Em geral a censura era feita por Tereza, minha irmã mais velha, que decidia e escolhia o que os outros irmãos podiam ler. Havia também uma coleção de livretos da editora Melhoramentos sobre a mitologia grega que nos levava a um universo distante e imaginário.
“A Toutinegra do Moinho”, (1) de Emilio Richebourg, era o gênero de romances preferidos de minha mãe. Ela só nos permitia a leitura fora do horário “comercial”, ou seja, antes das oito da manhã, depois do almoço e à noite, depois do jantar. Havia porém o inconveniente da luz, pois usávamos o “Aladim”, cuja claridade atraia uma multidão de insetos voadores. Depois, quando meus tios instalaram um motor próprio passamos a ter luz elétrica normal, mas só até dez horas da noite.
Havia uma revista policial chamada “X-9”, que trazia contos sobre crimes nos Estados Unidos. Na parte central havia paginas amarelas, com fotos e relatos de grandes crimes reais. Na gíria, o informante da policia, por causa desta revista, passou a ser chamado de X-9.
Antes da Segunda Guerra Mundial havia em Poções a “Associazione Italiana Dopolavoro Umberto Maddalena” (2)(foto) que funcionava onde hoje é a residência de Luís Sarno, que na época era o bibliotecário.

Os livros podiam ser tomados de empréstimo e lidos em casa. De Dante havia obviamente “La Commedia”, catalogado como número 12, e “O Príncipe”, de Macchiavelli, ofertado por Giuseppe Grisi, de número 57.(fotos)

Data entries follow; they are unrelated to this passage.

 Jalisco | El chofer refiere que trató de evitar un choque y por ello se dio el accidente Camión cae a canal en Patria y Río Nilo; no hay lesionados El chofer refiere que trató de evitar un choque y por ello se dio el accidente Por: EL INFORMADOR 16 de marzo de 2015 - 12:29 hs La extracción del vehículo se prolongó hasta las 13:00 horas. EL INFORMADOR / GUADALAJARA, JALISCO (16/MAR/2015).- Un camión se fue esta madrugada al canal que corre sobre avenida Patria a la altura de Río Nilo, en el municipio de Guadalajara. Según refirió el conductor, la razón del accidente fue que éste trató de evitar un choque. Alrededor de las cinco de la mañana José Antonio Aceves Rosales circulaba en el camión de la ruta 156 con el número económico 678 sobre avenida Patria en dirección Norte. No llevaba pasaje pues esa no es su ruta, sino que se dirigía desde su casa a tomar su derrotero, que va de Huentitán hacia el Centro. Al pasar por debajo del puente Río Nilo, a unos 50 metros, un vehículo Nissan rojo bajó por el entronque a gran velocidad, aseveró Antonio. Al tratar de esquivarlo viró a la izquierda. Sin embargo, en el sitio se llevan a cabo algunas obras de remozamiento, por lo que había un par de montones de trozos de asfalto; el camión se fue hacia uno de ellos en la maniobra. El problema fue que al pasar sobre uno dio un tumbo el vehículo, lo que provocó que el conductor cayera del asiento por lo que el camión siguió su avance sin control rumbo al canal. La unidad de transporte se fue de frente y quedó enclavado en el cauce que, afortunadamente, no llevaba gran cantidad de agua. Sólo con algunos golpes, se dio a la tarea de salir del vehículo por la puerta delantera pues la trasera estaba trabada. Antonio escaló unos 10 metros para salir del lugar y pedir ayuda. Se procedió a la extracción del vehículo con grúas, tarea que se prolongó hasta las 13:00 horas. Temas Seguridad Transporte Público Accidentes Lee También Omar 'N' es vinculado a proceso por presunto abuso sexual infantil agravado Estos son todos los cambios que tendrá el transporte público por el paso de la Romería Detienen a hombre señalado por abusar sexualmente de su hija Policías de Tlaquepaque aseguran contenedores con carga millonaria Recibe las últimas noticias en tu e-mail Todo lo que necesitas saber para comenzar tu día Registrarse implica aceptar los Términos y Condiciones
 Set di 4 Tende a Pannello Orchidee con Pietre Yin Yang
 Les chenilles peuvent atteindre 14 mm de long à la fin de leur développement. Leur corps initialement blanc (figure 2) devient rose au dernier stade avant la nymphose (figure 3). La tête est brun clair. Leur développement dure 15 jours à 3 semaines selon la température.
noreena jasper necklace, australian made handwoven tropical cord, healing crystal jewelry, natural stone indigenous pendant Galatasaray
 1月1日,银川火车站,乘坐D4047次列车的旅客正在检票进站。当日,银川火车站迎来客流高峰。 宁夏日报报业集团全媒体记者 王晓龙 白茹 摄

Depois da Guerra os livros desta biblioteca não mais circularam, e em nossa casa não havia nenhum livro em italiano nem recebíamos jornais ou revistas da Itália. Só mais tarde, quando veio da Itália o último casal de parentes, Giovanni e Lina Sola foi que ele trouxe catálogos de marcenaria e ela revistas de figurinos e moda, além de livros didáticos.
Quando eu estudava no Seminário, em Amargosa, era o encarregado de uma pequena livraria que atendia aos colegas. Fazia os pedidos para São Paulo, nas editoras Vozes, Herder e recebia tudo normalmente. Certa vez avisei a meu pai que havia feito um pedido de alguns livros para mim, e que seriam entregues em Poções. Passado algum tempo recebi uma carta dele avisando que os livros haviam chegado, mas perguntando para que eu precisava de tantos livros ! Foi então que percebi que a editora havia se enganado, enviando para Poções o pedido que era para o Seminário, com mais de 100 exemplares !

Eduardo Sarno
Setembro.1998

(1) – Toutinegra é um pássaro de plumagem escura e canto ameno.
(2) - Herói da aviação italiana, falecido em 1931.